Three failure modes recur. The rainbow palette (the old jet colormap) creates false boundaries where the data is continuous, because the human eye doesn't perceive its color steps as equal. Red-green encoding is invisible to the most common form of color blindness, yet it's still the default for "good vs bad." And too many categories — more than about eight distinct colors — exceeds what anyone can hold in working memory, so a legend with twelve colors becomes a lookup table the reader abandons. The palettes below are chosen to avoid all three.
Top journals don't mandate exact palettes, but their published figures converge on a recognizable house style: muted, low-saturation colors with strong value contrast. Matching that style signals "this belongs here" before a reviewer reads the caption. Below are starting palettes aligned to common journal aesthetics.
Palette
Use case
Example HEX values
Muted categorical
Up to 6 groups in bar/line plots
#4E79A7#F28E2B#59A14F#E15759#B07AA1#76B7B2
Nature-style cool
Two-to-three group comparisons
#386CB0#7FC97F#BEAED4
Sequential (single hue)
Ordered data, density, magnitude
#F7FBFF#9ECAE1#4292C6#08519C
Diverging
Data with a meaningful midpoint (e.g. log-fold change)
#B2182B#F4A582#F7F7F7#92C5DE#2166AC
Two rules carry most of the benefit. Use sequential palettes (light-to-dark of one hue) for ordered or continuous data, and diverging palettes for data centered on a meaningful zero. Reserve categorical palettes for unordered groups, and cap the count near six — beyond that, distinguish groups with shape or texture, not more colors.
Side-by-side journal-style palettes — muted categorical, sequential, and diverging — applied to the same bar chart and heatmap (Figure generated with SciFig)
A colorblind-safe palette isn't an accessibility nicety — it's a requirement for your figure to be read correctly by everyone, and several journals now explicitly recommend it. The two best-tested options are the Okabe-Ito palette and Wong's palette, both designed so that every pair of colors stays distinguishable across the common forms of color vision deficiency.
The Okabe-Ito eight-color set is the most widely cited: #000000 (black), #E69F00 (orange), #56B4E9 (sky blue), #009E73 (bluish green), #F0E442 (yellow), #0072B2 (blue), #D55E00 (vermillion), and #CC79A7 (reddish purple). It's intentionally not a rainbow — the colors were selected for contrast under deficiency, not visual prettiness, which is exactly why it works.
Two habits make any palette safer.

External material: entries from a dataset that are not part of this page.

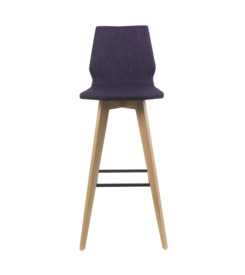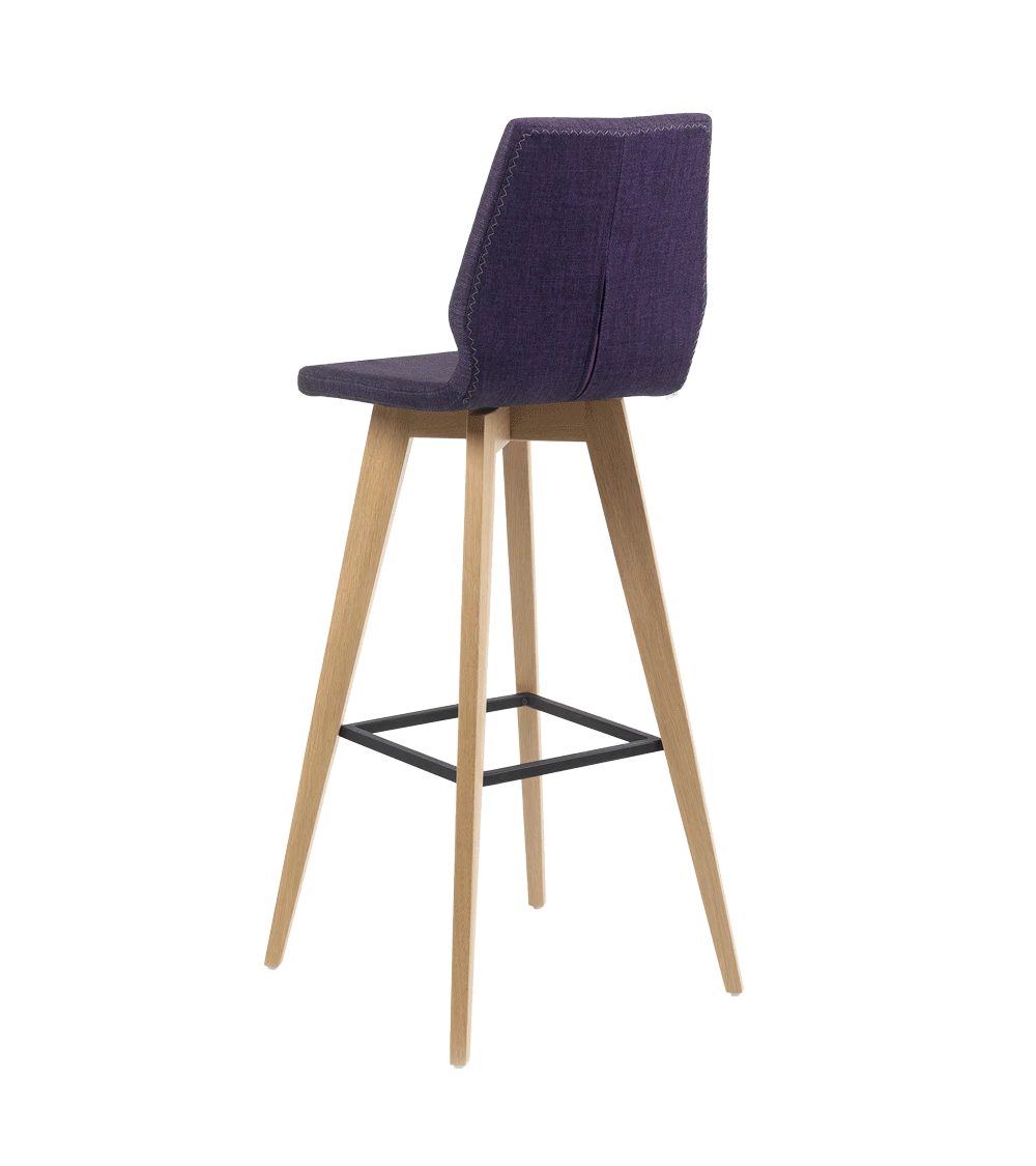 D’une hauteur de 82 cm, elle permet de prendre place sur une table haute ou un bar de 100 cm. Son piétement en bois issu de forêts gérées durablement est complété par un repose-pied métallique (noir).
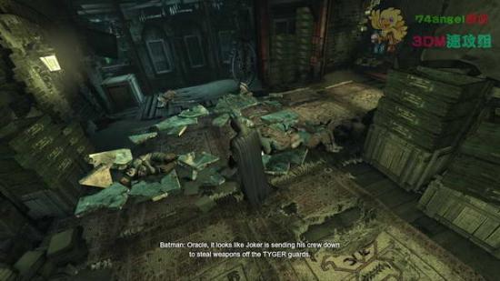 先用电磁枪清理掉地上的地雷,过去干掉他,上面会遇到女小丑被绑在那里!再次来到蝙蝠侠被小丑下毒的房间,先解决楼上的阻击手!
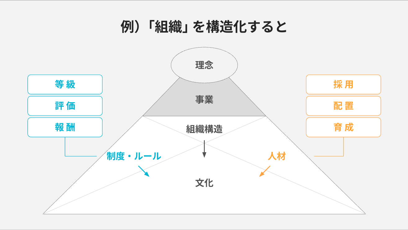 例えば、「組織」というものを構造化してみましょう。組織構造、制度・ルール、人材、そしてそこから生まれる文化など、さまざまな要素に分解できます。このように、「組織」という漠然としたものでも要素に分解していくことができます。
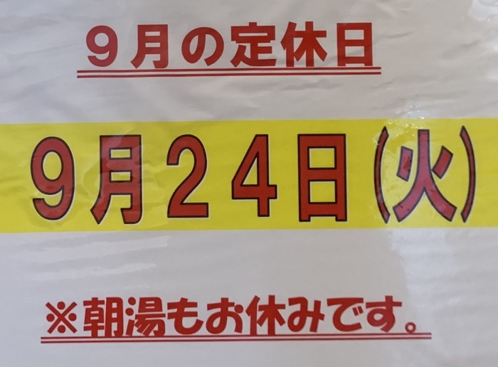 平素は万葉超音波温泉をご利用いただきまして誠にありがとうございます。24日(火)は定休日です。温泉設備の改修・点検等に当てています。お客様にはご不便とご迷惑をお掛けいたしますが何とぞよろしくお願い申し上げます。
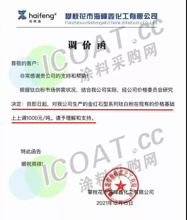 ?攀枝花市海峰鑫化工:自即日起,對(duì)金紅石型系列鈦白粉在現(xiàn)有的價(jià)格基礎(chǔ)上上調(diào)1000元/噸。

First, never encode meaning with red-vs-green alone — pair color with a second channel like position, shape, or a direct label. Second, test in grayscale: if your figure still reads when desaturated, it will survive both colorblind viewing and the black-and-white printing some journals still use. The example below shows the same figure in a red-green encoding versus an Okabe-Ito encoding, simulated under deuteranopia.
A figure shown twice — red-green encoding versus Okabe-Ito palette — each simulated under deuteranopia to show which stays readable (Figure generated with SciFig)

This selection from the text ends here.